- WHAT YOU NEED TO DO -
Once the line containing "A Norstar FLD" is reached in the listing below, reproduce it and all later lines through the final one exactly, but omit any pictures.

- RECORDED INFORMATION -
....................

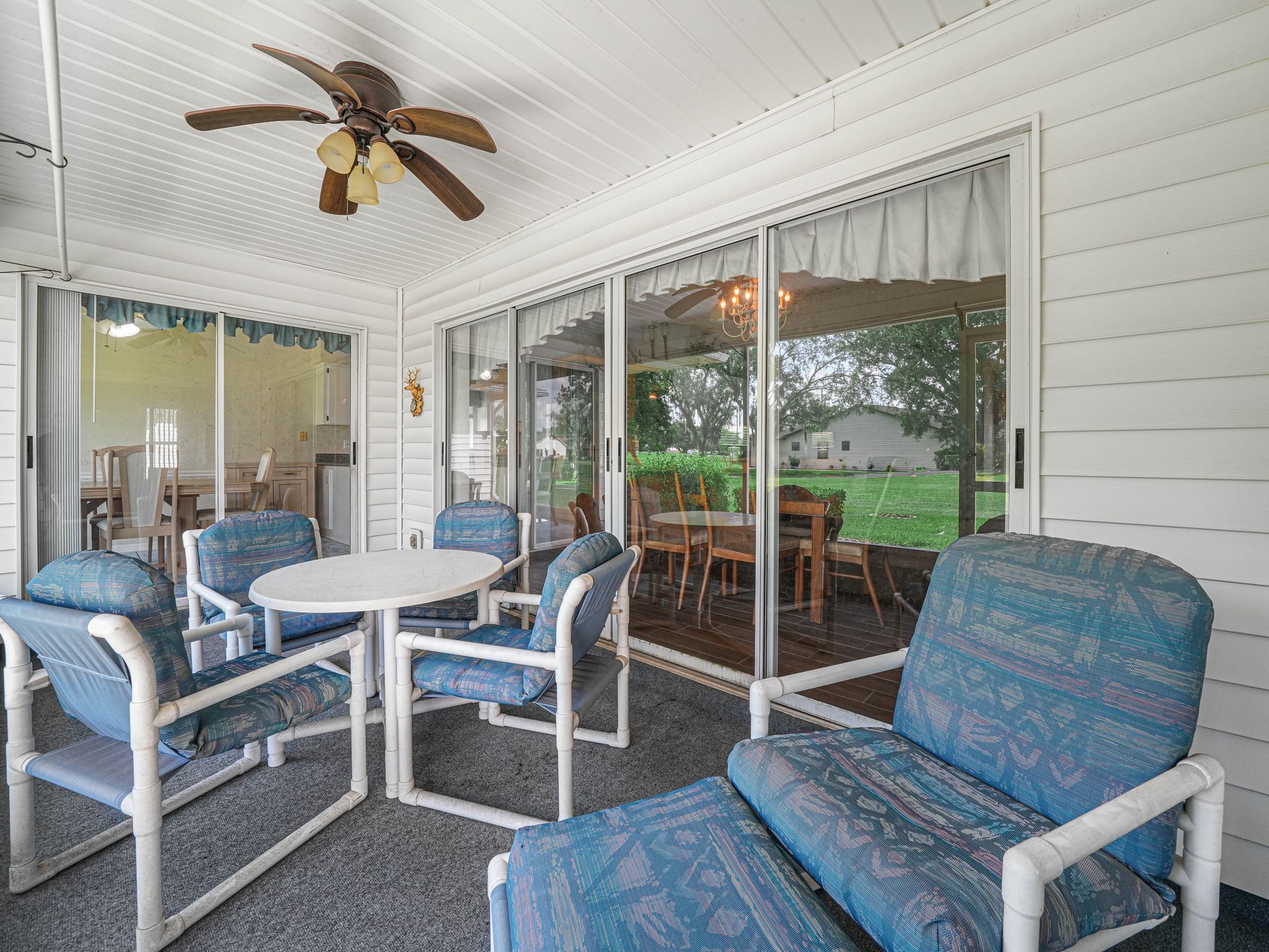 Desirable 55+ community! This spacious three bedroom, two bath home offers comfort, style and functionality all in one. The updated kitchen features granite countertops, ample cabinetry and a breakfast nook with a large window that fills the space with natural light and offers golf course views of the backyard. The open-concept living and dining area is perfect for entertaining or relaxing, with a seamless flow and plenty of room to personalize. The main bedroom boasts a walk-in closet and an updated en-suite bath with double sinks and a walk-in closet. Enjoy Florida living year-round in the screened lanai—ideal for morning coffee or evening relaxation. The large indoor laundry room provides abundant storage and workspace. HOA monthly fees of $217.80,(includes internet, cable, lawn care, pool and club house). An active community that offers a host of activities for you to do when not on the golf course; dances, dinners, travel, monthly events, exercise, tennis, bocce, pickle ball, bowling, swimming, shuffleboard, pool volleyball, bingo, bible study, line dancing, chorus, billiards, scrabble, horseshoes, card games (bridge, euchre, pinochle, cribbage, pepper, mahjongg) and more. Call now for your private showing.
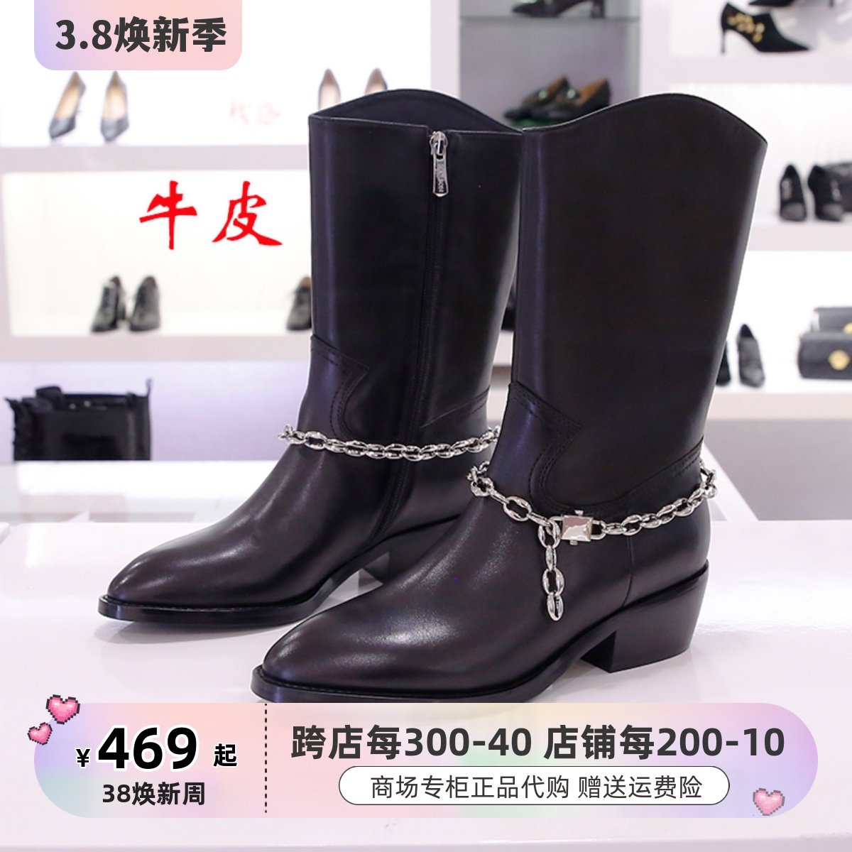 【门店直发】哈森2023冬季新款中筒靴子复古无界战靴女靴HA237118
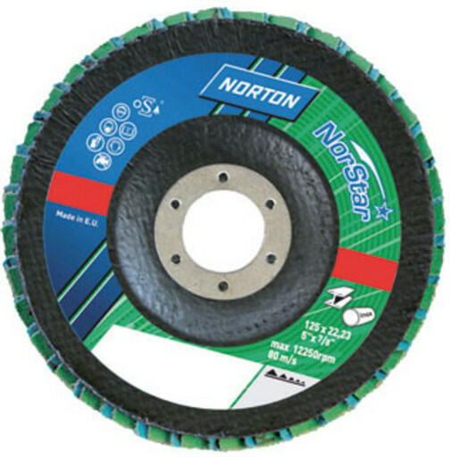 A Norstar FLD FDTF R822 / RX22 125x22 P40 tárcsa két modern, a legmagasabb minőségű csiszolóanyagot ötvöz. Kiváló minőségű csiszoló kerámia és cirkónium keverékű pengék üvegszálas hátlappal a maximális teljesítmény érdekében, kisebb nyomással. Kevesebb nyomás alkalmazásával a kezelő meghosszabbítja a korong élettartamát és csökkenti a fáradtságot. Termék in
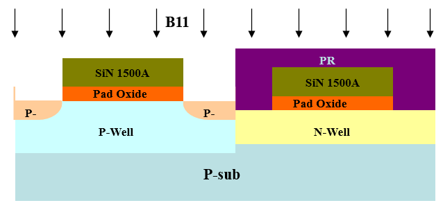在集成电路中,各电晶体彼此间则以场氧化层(FOX)加以隔离的,因为场氧化层上方常有金属导线通过,为了防止金属层,场氧化层,底材硅产生类似NMOS的电容效应,场氧化层下方的区域常掺有掺质浓度很高的P型层,以防止类似NMOS的反转层在场氧化层下发生,而破坏电晶体间的隔离。这层P型层通常称为"ChannelStop",这层掺质是以离子植入(Implantation)的方式完成的,所以称为通道阻绝植入。

....................

- THE COMPLETED TASK -
 A Norstar FLD FDTF R822 / RX22 125x22 P40 tárcsa két modern, a legmagasabb minőségű csiszolóanyagot ötvöz. Kiváló minőségű csiszoló kerámia és cirkónium keverékű pengék üvegszálas hátlappal a maximális teljesítmény érdekében, kisebb nyomással. Kevesebb nyomás alkalmazásával a kezelő meghosszabbítja a korong élettartamát és csökkenti a fáradtságot. Termék in
在集成电路中,各电晶体彼此间则以场氧化层(FOX)加以隔离的,因为场氧化层上方常有金属导线通过,为了防止金属层,场氧化层,底材硅产生类似NMOS的电容效应,场氧化层下方的区域常掺有掺质浓度很高的P型层,以防止类似NMOS的反转层在场氧化层下发生,而破坏电晶体间的隔离。这层P型层通常称为"ChannelStop",这层掺质是以离子植入(Implantation)的方式完成的,所以称为通道阻绝植入。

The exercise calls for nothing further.